What is a Classifier?

A Classifier is a piece of code that does what we humans would naturally do to figure out what kind of document this is. We humans know that an Invoice is a bill to be paid, and so we look for words like Invoice and Total Due, or some variation thereof. The computer, being dumb, first needs to learn keywords, and any variations of them, that might appear in a document to connotate it is an Invoice. Then, it scans incoming documents for these keywords and makes its choice. “I think this is an invoice”. It returns its best guess along with a confidence score between 0 and 1, where 0 is not confident at all, and 1 is 100% confident.

How Does a Classifier Learn?

First and foremost, the Classifier needs a recipe of keywords to follow. This is created by the developer when setting up a particular Classifier. There are two basic ways to set up a Classifier, by manually setting up the keywords in advance, or by letting AI do it for you. Let’s look at both of these ways.

Keyword Based Classifier
Using this Classifier, the developer uses a wizard to set up combinations of keywords manually. This type of Classifier is useful if the expected documents will be in a structured, non-changing format. This type of classifier gives the developer fine-grained control over the keyword combinations.

Intelligent Keyword Classifier
Here, the developer calls on AI to analyze multiple documents of the same type to extract combinations of keywords (called word vectors) that are common among them. The more documents we “train” the Classifier on, the more confident the Classifier will be in its guesses. This type of Classifier is also able to split merged documents into separate types.

Once the developer has set up one or more Classifiers, all this keyword training is saved into a special JSON file, called something like classification.json. The recipe must be in a separate file for the Classifier to be able to learn.

Continual Learning
So we’ve trained our Classifier on an initial set of keywords to be able to recognize what type of document it is. But it’s not done learning yet.

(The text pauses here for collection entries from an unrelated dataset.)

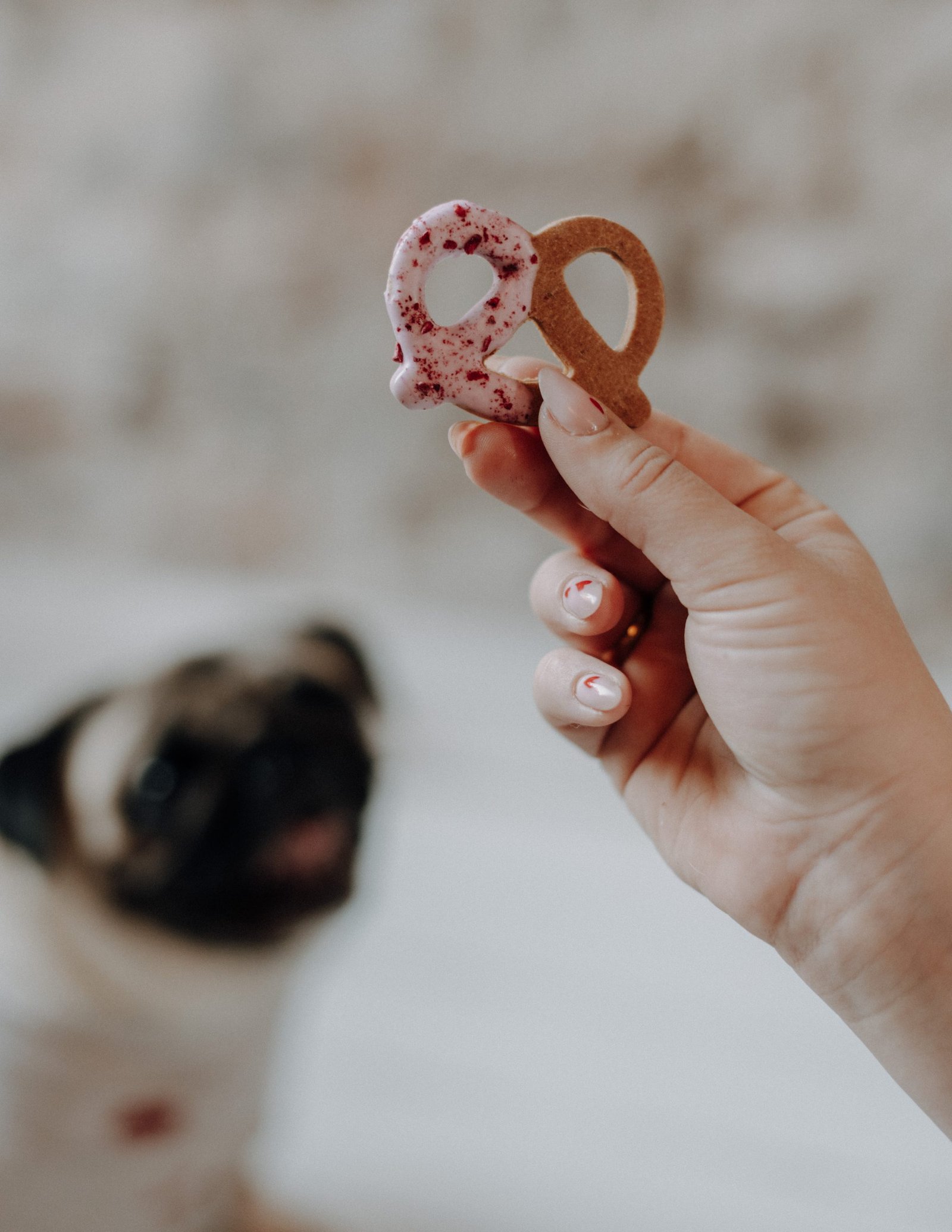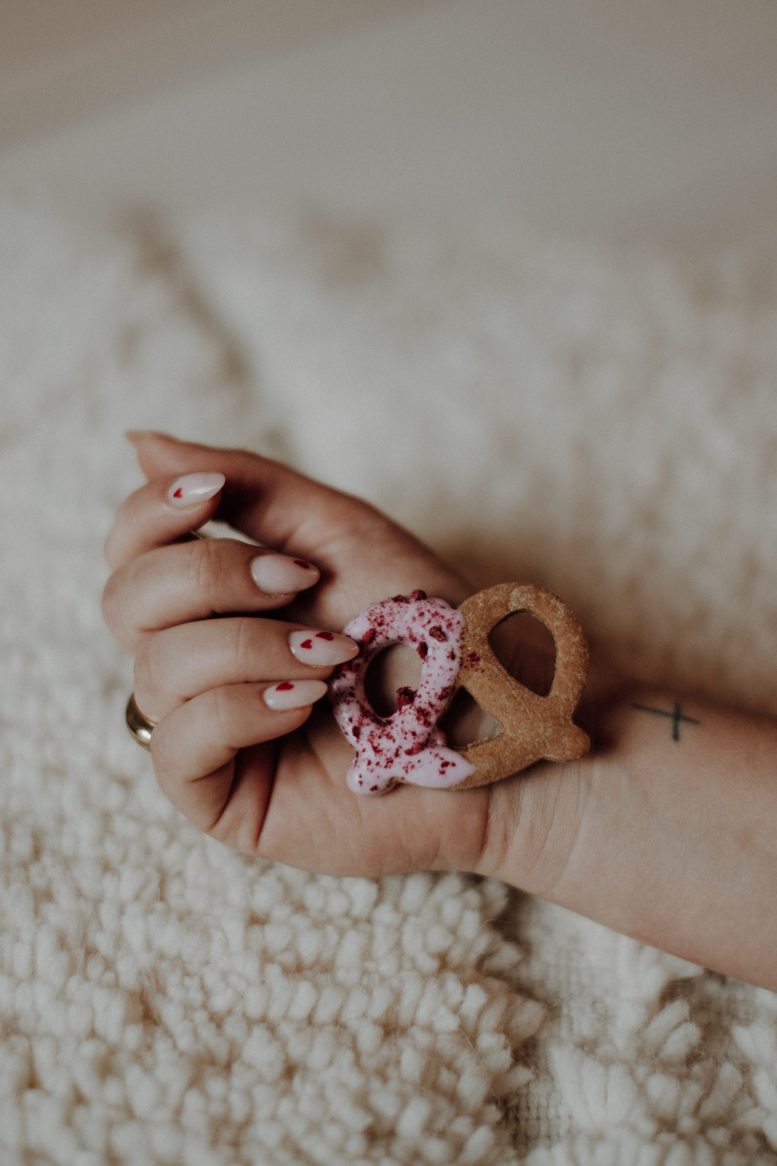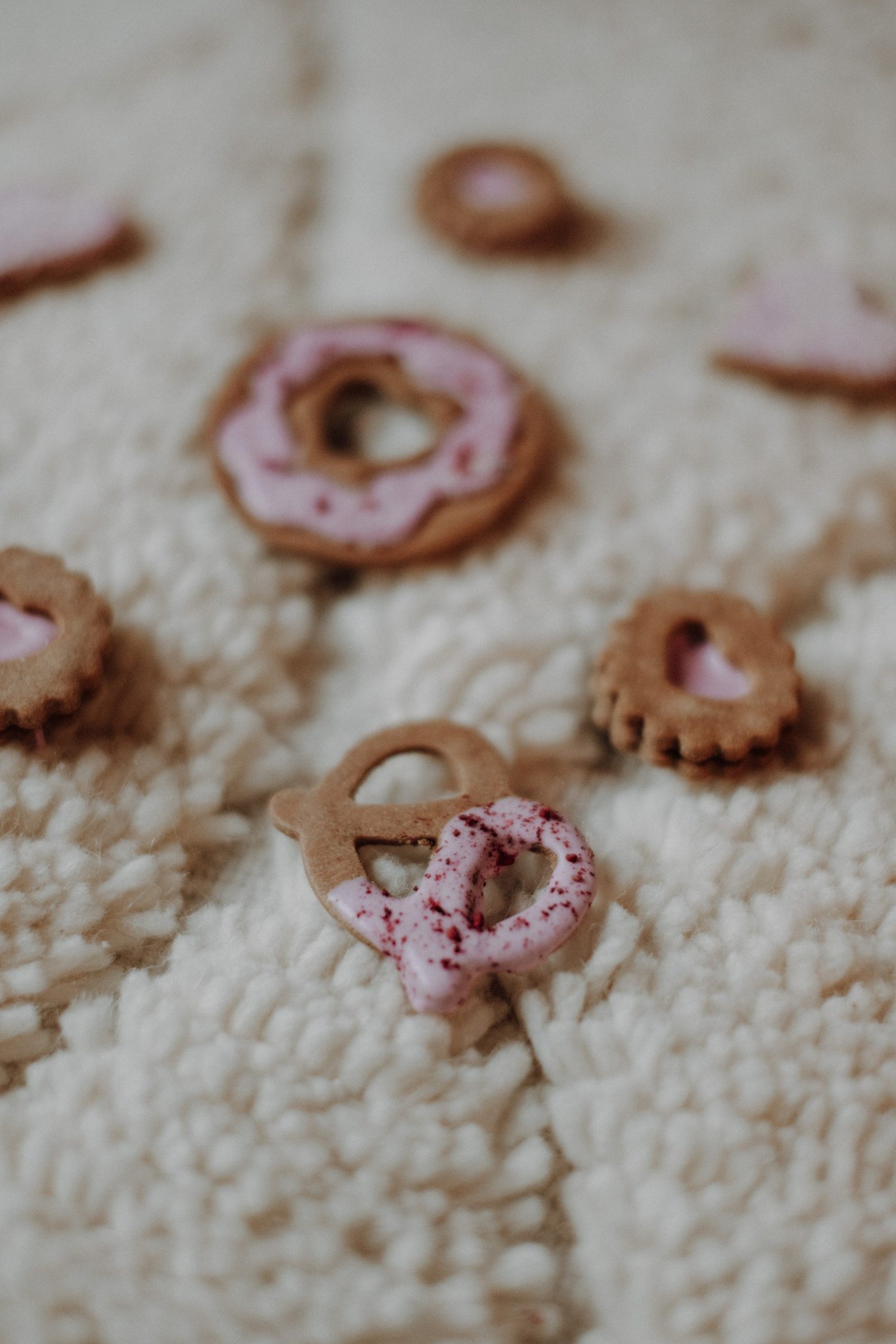 Pretzels geglazuurd met suikervrije yoghurt icing. Gekleurd met bietenpoeder & afgewerkt met gedroogde frambozen. Sounds lovely right?! Wordt verpakt per 2.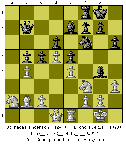 Last move : 1-0 2016 August 13 7:26:49 [Event "FICGS__CHESS__RAPID_E__000173"] [Site "FICGS"] [Date "2016.06.10"] [Round "1"] [White "Barradas,Anderson"] [Black "Bromo,Alexis"] [Result "1-0"] [WhiteElo "1247"] [BlackElo "1079"] 1.e4 e5 2.Nf3 Nc6 3.Bb5 d6 4.O-O Bd7 5.Bxc6 Bxc6 6.Nc3 Nf6 7.d3 h6 8.Re1 a6 9.a3 Be7 10.d4 O-O 11.d5 Bb5 12.a4 Bd7 13.b4 b5 14.axb5 axb5 15.Rxa8 Qxa8 16.Bb2 Qb7 17.Ne2 c6 18.Nc3 c5 19.Na2 Bg4 20.h3 1-0 This chess game has been lost on time (started : 2016.06.10 23:19:51) Ruy Lopez : Old Steinitz defense Kingside Castling by player White (move 4) Kingside Castling by player Black (move 10) Player White won this chess game. Follow this game move after move (download)A bad plan is better than none at all. (Frank Marshall) Alles was am Schachbrett zählt sind gute Züge. (Robert James Fischer) La partida mas dura de ganar es una partida ganada. (Emanuel Lasker) 'L'échange des dames est un coup dur pour les deux adversaires...' Un journaliste lors d'une partie du match Spassky-Fischer Coffee just isn't my cup of tea. (Unknown)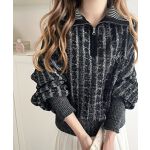 【mily bilet】コーデの主役を飾る。クロップド丈配色ケーブル編み胸刺繍ハーフジップニットの口コミ一覧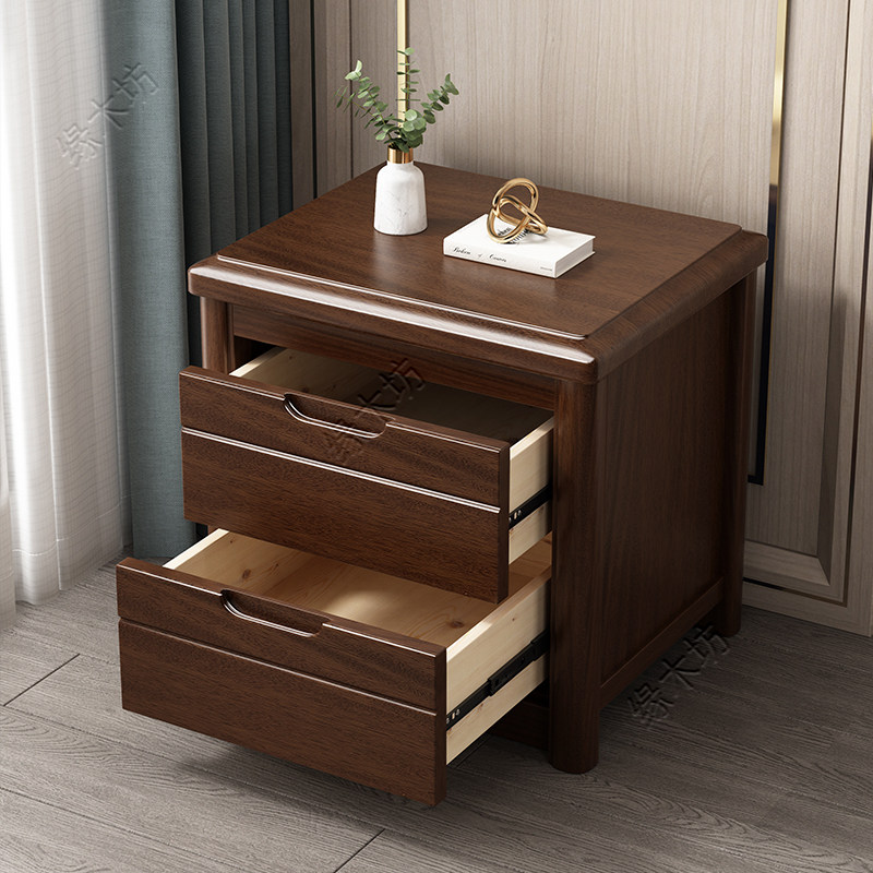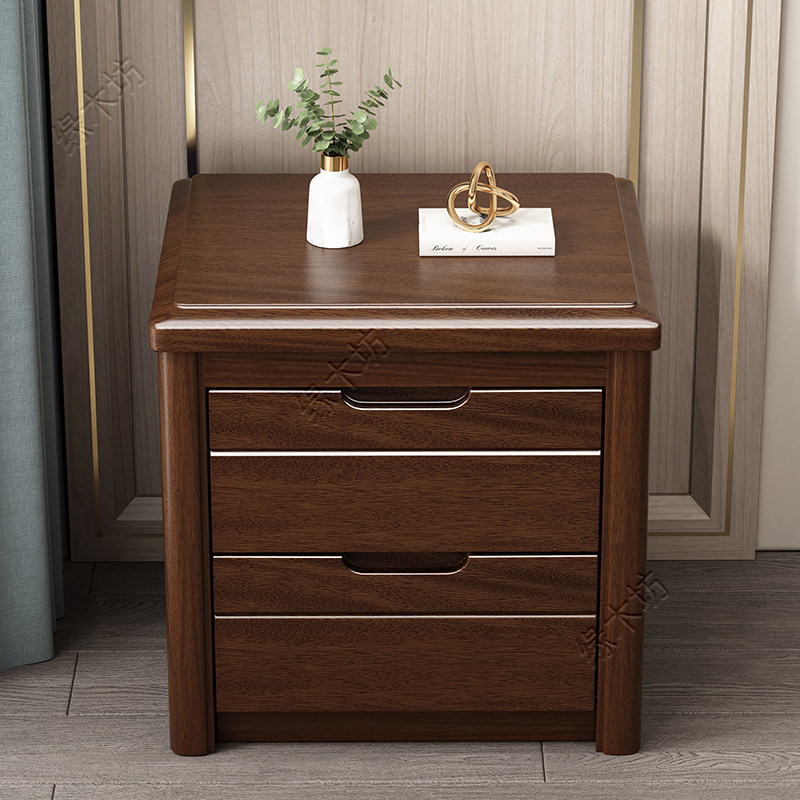 Solid Wood Bed Head Cabinet Walnut Wood Minimalist Modern Lockers Ultra Narrow Mini Light Lavish Bedroom Drawer Bedside Cabinet Whole Dress-Taobao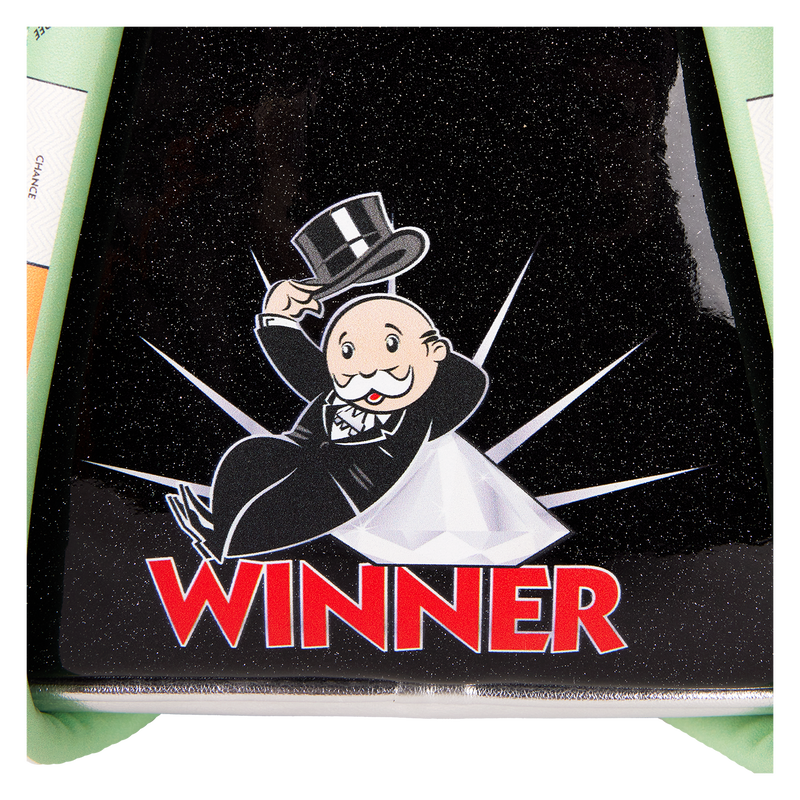 Pass GO and hold onto your hat! Advance to the Boardwalk with this fashionable Monopoly mini backpack, which is perfect for collecting your game winnings. The entire accessory shimmers in glittery black faux patent leather. The front zipped pocket carries details of Mr. Monopoly’s tuxedo jacket and shirt, with a molded metal charm of the Monopoly “M” logo, blinged out in rhinestones. Mr. Monopoly’s applique face and head with top hat rise up over the front pocket—and it appears that he’s making it rain applique Monopoly bills and coins. The adjustable shoulder straps even feature a print of the Monopoly board tiles! On the back, Mr. Monopoly makes an encore appearance as a print next to the word “Winner.” Pack just what you need for a day of touring Marvin Gardens, Park Place, or New York Avenue. Features: Vegan patent leather (polyurethane) Adjustable, padded strap Artwork on the side panels Silver-colored metal hardware Applique, printed, embroidered, molded metal charm, and glitter details Coordinating inside lining Dimensions: 9”W x 10.5”H x 4.5”D 22.9 cm W x 26.7 cm H x 11.4 cm D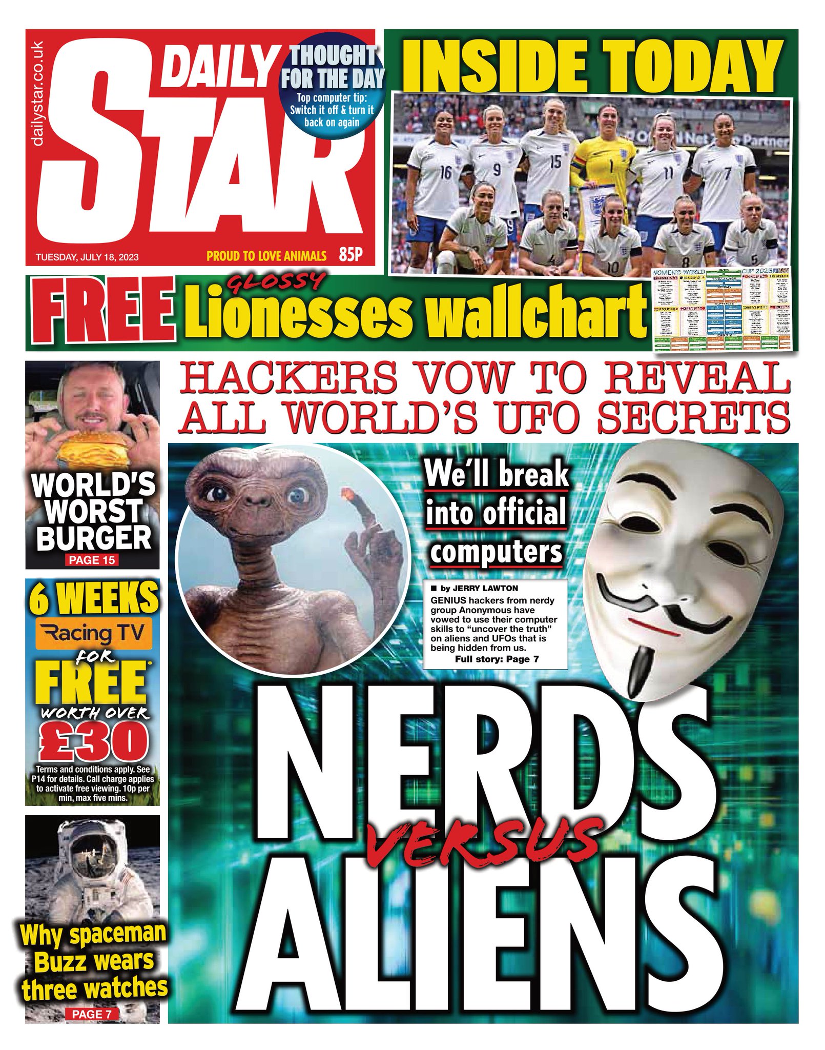 The Daily Star headlines that Anonymous, the hacking collective, has vowed to reveal government-secrets about UFOs and aliens.

Now we can let the Classifier ask for help if it’s not confident. We set a confidence minimum, say 80% confident, to proceed with its best guess. If it doesn’t reach that minimum level of confidence, we launch something called a Classifier Trainer. Here the human is shown the full document (in text form and the original image if it used OCR), and asks what type of document it is. Once the human gives it the answer, the Classifier updates the JSON classification file, learning the lesson for the next time.

Extraction

Now that DU recognizes the type of file it is looking at, it also needs to know how to recognize each piece of data within that file. Just like there are different Classifiers, there are also different Extractors, which use different methods for finding the data. Let’s touch on them briefly.

RegEx Based Extractor
A Regular Expression is a specific sequence of symbols and characters used to quickly match text. It looks like gobbledygook to most of us, but computers like it. For example, the RegEx for finding a Date field might look like this:

\bDate:\s*([0-9]{1,2}\/[0-9]{1,2}\/[0-9]{2,4})\b

Riiiight. Regex is complicated. It takes a lot of time to get good at putting together RegEx patterns. To help us out, UiPath gives us a RegEx wizard to experiment with until we get the right match for each piece of data we are looking to extract. Fortunately, the internet is full of accepted RegEx patterns used to extract all kinds of text like emails, phone numbers, zip codes, etc. The RegEx Based Extractor does give developers fine-grained control over what it extracts, once they get the pattern right. This type of Extractor cannot be used in a continual learning loop. For that we need an AI-based extractor.

Machine Learning Extractor
coming soon

Exporting

The final stage of the DU process is to return the pieces of data from the analyzed document. All the data extracted is stored in a collection of Data Tables, and so can be manipulated and exported like any other UiPath Data Table.